TO DO: Leave the pictures out and write out the rest of the listing word for word.

DATA BLOCK:
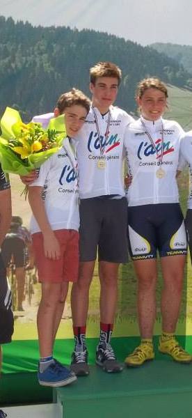 En cadet Maxime BARBARIN revenait à la compétition après une coupure de deux semaines. En tête lors du start loop, maxime va se faire passer  sur la grande boucle par Louis BALTHAZAR du team materiel velo . Maxime termine deuxième au scratch mais conserve son titre de champion de l’Ain . Le voilà avec un nouveau maillot. Maxime va maintenant se préparer pour les prochaines échéances de Juin et Juillet . En cadet toujours Mathier JACQUETAND a fait une belle course puisqu’il décroche une belle cinquième place. Son assiduité sur les coupe Rhône-Alpes a été une très bonne chose, cette cinquième place le démontre. En junior fille Lauraly ROCHE après une course en tête décroche un nouveau titre de championne de l’Ain. Lauraly qui revenait du championnat de France de  Duatlhon à Xonrupt dans les Vosges avec ses copains du Lycée Xavier Bichat de Nantua ( 3 ème place au championnat de France UNSS excellence) a trouvé les forces pour aller décrocher ce nouveau maillot. Bravo Laly.
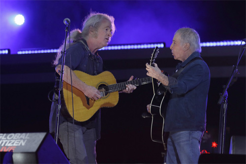 Septiembre 2021 Más de 70 artistas y 15 ciudades participaron el 25 de septiembre en el “Global Citizen Live 2021”, un concierto masivo que reunió a diferentes artistas con el objetivo de defender el planeta y combatir la pobreza y a la pandemia con el dinero recaudado, que se va a destinar también a luchar contra el cambio climático y ayudar a la igualdad entre todos los países. El evento central fue el concierto realizado en el Great Lawn de Central Park, Nueva York, donde frente a 60.000 personas, se presentaron artistas de la talla de Coldplay, Billie Eilish, Jennifer López, Cindy Lauper o Jon Batiste entre otros. Cuando terminaba el set de Colplay, cabezas de cartel del festival (se suponía que lo iban a cerrar), su lider Chris Martin se dirigió a la audiencia y dijo “Gracias por devolvernos al trabajo. Estamos al final del show, y normalmente tocaríamos una canción muy larga, lenta y aburrida de Coldplay, pero el hombre que están esperado las 70.000 personas que han estado aquí todo el día... no podemos darles algo que supere a eso. Quien sabe cuántas veces van a poder volver a ver a esta persona de nuevo, ya no toca tanto. Él es uno de nuestros héroes de ensueño absolutos, y define Nueva York y define la música de verdad, también nos enseñó a la mayoría de nosotros en Inglaterra sobre la música africana. Se suponía que iba a tocar aquí hace un mes más o menos, pero la lluvia dijo que no, así que suponemos que es nuestro deber... Por favor den la bienvenida desde el panteón de los más grandes entre los grandes de los grandes a Mr. Paul Simon” que apareció por sorpresa, ya que no estaba anunciado, para cerrar el evento en la ciudad de Nueva York con una breve actuación de dos canciones, “The Boxer” acompañado por su inseparable Mark Stewart y por C. J. Camerieri, y después de presentar un video e invitar al escenario al biólogo E.O. Wilson, el espectáculo de seis horas y media terminó con “The Sound of Silence” con Paul Simon acompañado solo por su guitarra. Así Simon se quitó la espinita que tenía clavada después de la suspensión en agosto del megaconcierto “We Love NYC”. Además del de Nueva York, se celebraron conciertos en París, Los Ángeles, Londres, Lagos, Río de Janeiro, Sidney, Bombay, Seúl, Las Vegas, Joahnnesburgo, Madrid y Buenos Aires, entre otros, con actuaciones de Elton John, Stevie Wonder, Duran Duran, Metallica o Ed Sheeran entre muchos otros. Puedes ver la actuación de Paul Simon pinchando Aquí.
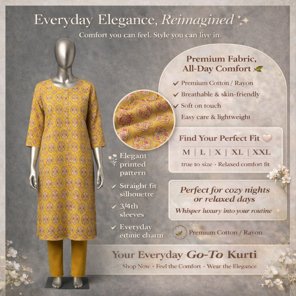 Experience everyday elegance with our Premium Kurti, crafted from high-quality Cotton/Rayon for a breathable, skin-friendly feel. Designed to be soft to the touch and lightweight, it offers effortless comfort that lasts from morning to night. Enjoy a stylish look with easy care fabric that keeps you fresh and polished with zero hassle.
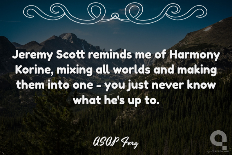 Jeremy Scott reminds me of Harmony Korine, mixing all worlds and making them into one - you just never know what he's up to. ASAP Ferg

COMPLETED EXERCISE:
 En cadet Maxime BARBARIN revenait à la compétition après une coupure de deux semaines. En tête lors du start loop, maxime va se faire passer  sur la grande boucle par Louis BALTHAZAR du team materiel velo . Maxime termine deuxième au scratch mais conserve son titre de champion de l’Ain . Le voilà avec un nouveau maillot. Maxime va maintenant se préparer pour les prochaines échéances de Juin et Juillet . En cadet toujours Mathier JACQUETAND a fait une belle course puisqu’il décroche une belle cinquième place. Son assiduité sur les coupe Rhône-Alpes a été une très bonne chose, cette cinquième place le démontre. En junior fille Lauraly ROCHE après une course en tête décroche un nouveau titre de championne de l’Ain. Lauraly qui revenait du championnat de France de  Duatlhon à Xonrupt dans les Vosges avec ses copains du Lycée Xavier Bichat de Nantua ( 3 ème place au championnat de France UNSS excellence) a trouvé les forces pour aller décrocher ce nouveau maillot. Bravo Laly.
 Septiembre 2021 Más de 70 artistas y 15 ciudades participaron el 25 de septiembre en el “Global Citizen Live 2021”, un concierto masivo que reunió a diferentes artistas con el objetivo de defender el planeta y combatir la pobreza y a la pandemia con el dinero recaudado, que se va a destinar también a luchar contra el cambio climático y ayudar a la igualdad entre todos los países. El evento central fue el concierto realizado en el Great Lawn de Central Park, Nueva York, donde frente a 60.000 personas, se presentaron artistas de la talla de Coldplay, Billie Eilish, Jennifer López, Cindy Lauper o Jon Batiste entre otros. Cuando terminaba el set de Colplay, cabezas de cartel del festival (se suponía que lo iban a cerrar), su lider Chris Martin se dirigió a la audiencia y dijo “Gracias por devolvernos al trabajo. Estamos al final del show, y normalmente tocaríamos una canción muy larga, lenta y aburrida de Coldplay, pero el hombre que están esperado las 70.000 personas que han estado aquí todo el día... no podemos darles algo que supere a eso. Quien sabe cuántas veces van a poder volver a ver a esta persona de nuevo, ya no toca tanto. Él es uno de nuestros héroes de ensueño absolutos, y define Nueva York y define la música de verdad, también nos enseñó a la mayoría de nosotros en Inglaterra sobre la música africana. Se suponía que iba a tocar aquí hace un mes más o menos, pero la lluvia dijo que no, así que suponemos que es nuestro deber... Por favor den la bienvenida desde el panteón de los más grandes entre los grandes de los grandes a Mr. Paul Simon” que apareció por sorpresa, ya que no estaba anunciado, para cerrar el evento en la ciudad de Nueva York con una breve actuación de dos canciones, “The Boxer” acompañado por su inseparable Mark Stewart y por C. J. Camerieri, y después de presentar un video e invitar al escenario al biólogo E.O. Wilson, el espectáculo de seis horas y media terminó con “The Sound of Silence” con Paul Simon acompañado solo por su guitarra. Así Simon se quitó la espinita que tenía clavada después de la suspensión en agosto del megaconcierto “We Love NYC”. Además del de Nueva York, se celebraron conciertos en París, Los Ángeles, Londres, Lagos, Río de Janeiro, Sidney, Bombay, Seúl, Las Vegas, Joahnnesburgo, Madrid y Buenos Aires, entre otros, con actuaciones de Elton John, Stevie Wonder, Duran Duran, Metallica o Ed Sheeran entre muchos otros. Puedes ver la actuación de Paul Simon pinchando Aquí.
 Experience everyday elegance with our Premium Kurti, crafted from high-quality Cotton/Rayon for a breathable, skin-friendly feel. Designed to be soft to the touch and lightweight, it offers effortless comfort that lasts from morning to night. Enjoy a stylish look with easy care fabric that keeps you fresh and polished with zero hassle.
 Jeremy Scott reminds me of Harmony Korine, mixing all worlds and making them into one - you just never know what he's up to. ASAP Ferg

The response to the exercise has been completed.